Chemobiological intervention (Team G. Zuber/E. Weiss)
Antibodies are popular tools in biomedical research and they have become valuable for treatment of human pathologies by targeting extracellular ligands. However, their application for blocking disease-triggering intracellular factors or for studying molecular mechanisms inside living animal cells is restricted because proteins do not naturally cross the cell membrane and cannot reach by diffusion intracellular compartments. This limitation should not be minimized because the secreted or membrane-associated proteins account for only approximately 30% of the proteins in animal cells, leaving thus nearly 70% of putative protein targets unreachable.
In the last years, we set up several methodologies for effective intracellular protein delivery and we expended the applicability of antibodies for targeting intracellular effectors within living cells. We have successfully obtained antibodies that block the function of nuclear proteins, such as HPV E6 oncoprotein, PCNA and DNA polymerase alpha after intracellular delivery.

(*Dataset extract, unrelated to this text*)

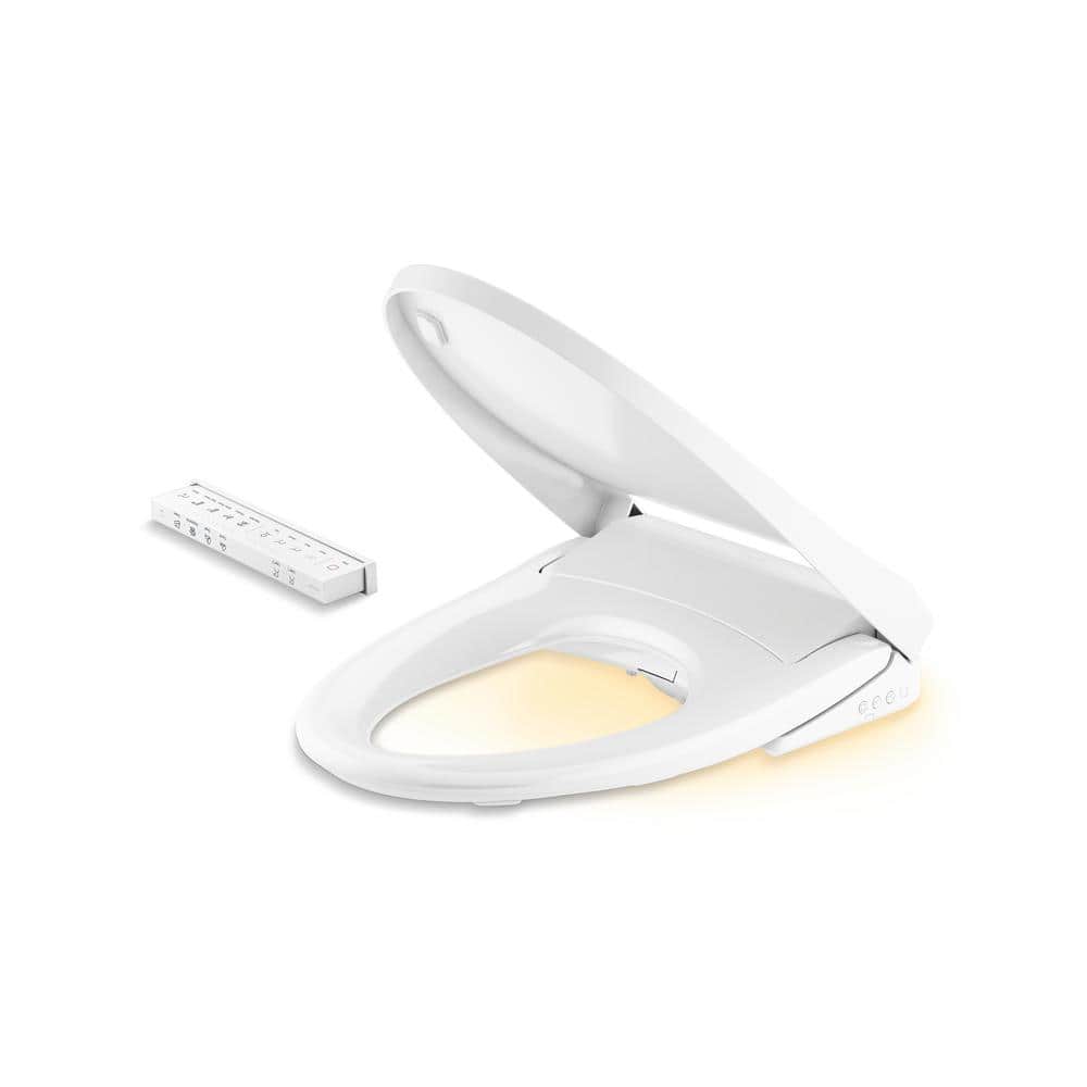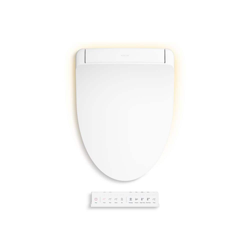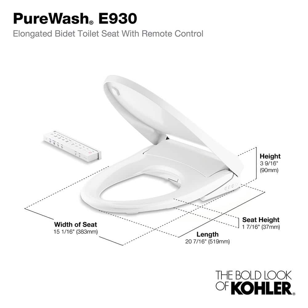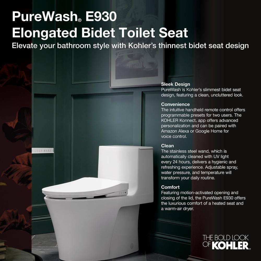 Experience the epitome of luxury and hygiene with the KOHLER Pure Wash E930, an elongated bidet toilet seat with cutting-edge features like adjustable water temperature, a handheld remote control, and UV self-cleaning technology. With a sleek design and easy installation, it transforms your bathroom setup with soothing elegance and advanced functionality.

Our main objective is to pursue the development of the immuno-intervention technology. Our focus is on investigating intracellular signaling cascades and post-translational modifications inside living cells.
The immuno-intervention technology may be of particular interest for monitoring the efficiency of anticancer treatment at early stages. As a proof of concept, we are measuring the phosphorylation of the histone H2AX, an event marking DNA damage, using antibodies and alpaca-derived nanobodies. The nanobodies are generated in house by phage-display. In parallel, we develop high affinity probes for electron microscopy imaging by addition of synthetic functionality to the antibody fragments.